Para tal, as equações termoquímicas devem ser consideradas como se fossem equações matemáticas, sendo possível multiplicar, dividir ou inverter as equações a fim de igualar os coeficientes estequiométricos e chegar à equação desejada.
Veja um exemplo de como isso pode ser feito: vamos considerar que desejamos determinar a variação de entalpia da formação do acetileno na equação direta abaixo:
2 C(grafite) + 2 H2(g) → C2H4(g) ΔH= ?
Para conseguir descobrir o calor envolvido na reação acima, vamos trabalhar com o seguinte conjunto de equações, cujos valores das variações de entalpia foram determinados experimentalmente por meio de um calorímetro:
I - C2H4(g) + 3 O2(g) → 2 CO2(g) + 2 H2O(?) ΔH= -1409,5 kJ
II. C(grafite) + O2(g) → CO2(g) ΔH= -393,3 kJ
III. H2(g) + ½ O2(g) → H2O(l) ΔH= -285,5 kJ
Observe que, na equação direta, o acetileno (C2H4) está no produto, então precisamos inverter a equação I. Lembre-se de que, quando invertemos uma equação termoquímica, temos que inverter também o sinal do ?H:
I - 2 CO2(g) + 2 H2O(?) → C2H4(g) + 3 O2(g) ?H= +1409,5 kJ
II. C(grafite) + O2(g) → CO2(g) ΔH= -393,3 kJ
III. H2(g) + ½ O2(g) → H2O(l) ΔH= -285,5 kJ
Outro ponto observado é que temos que anular as moléculas de CO2 que estão em membros opostos, mas visto que seus coeficientes estequiométricos são diferentes, precisaremos multiplicar a equação II por 2 para igualá-los.
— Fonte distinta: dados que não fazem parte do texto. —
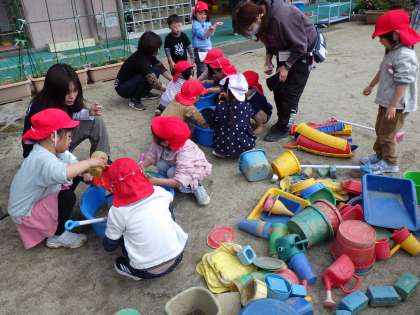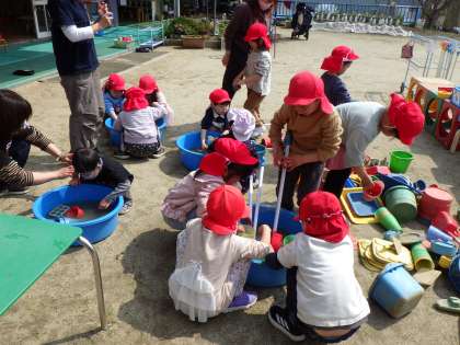 あと1日で、終業式です。今日は、これまでたくさん使ってきた砂場のおもちゃを洗いました。「一緒に運ぼう」と、砂場からせっせとおもちゃを運びました。みんなで力を合わせると、どんどんピカピカになっていきましたね。これで、気持ちよく新年度が迎えられそうです。

I - 2 CO2(g) + 2 H2O(l) → C2H4(g) + 3 O2(g) ΔH= +1409,5 kJ
II. 2 C(grafite) + 2 O2(g) → 2 CO2(g) ΔH= -786,6 kJ
III. H2(g) + ½ O2(g) → H2O(l) ΔH= -285,5 kJ
Isso também é feito com a equação III porque é necessário ter 1 molécula de O2 no primeiro membro, e não ½ O2 (pois vamos somar com as duas moléculas na equação II, dando um total de 3, e, assim, poderemos anular com o 3 O2 da equação I). Também é preciso ter duas moléculas de água e duas moléculas de gás hidrogênio para ficar igual à equação-problema:
I - 2 CO2(g) + 2 H2O(l) → C2H4(g) + 3 O2(g) ΔH= +1409,5 kJ
II. 2 C(grafite) + 2 O2(g) → 2 CO2(g) ΔH= -786,6 kJ
III. 2 H2(g) + 1 O2(g) → 2 H2O(l) ΔH= -571,0 kJ
Agora basta somar as equações acima para chegar à equação-problema:
I - 2 CO2(g) + 2 H2O(l) → C2H4(g) + 3 O2(g) ΔH= +1409,5 kJ
II. 2 C(grafite) + 2 O2(g) → 2 CO2(g) ΔH= -786,6 kJ
III. 2 H2(g) + 1 O2(g) → 2 H2O(l) ΔH= -571,0 kJ
2 C(grafite) + 2 H2(g) → C2H4(g) ΔH = (- 1409,5) + (- 786,6)+ (-571) = + 51,9 kJ
Pronto, descobrimos que a entalpia de formação de 1 mol de acetileno é + 51,9 kJ.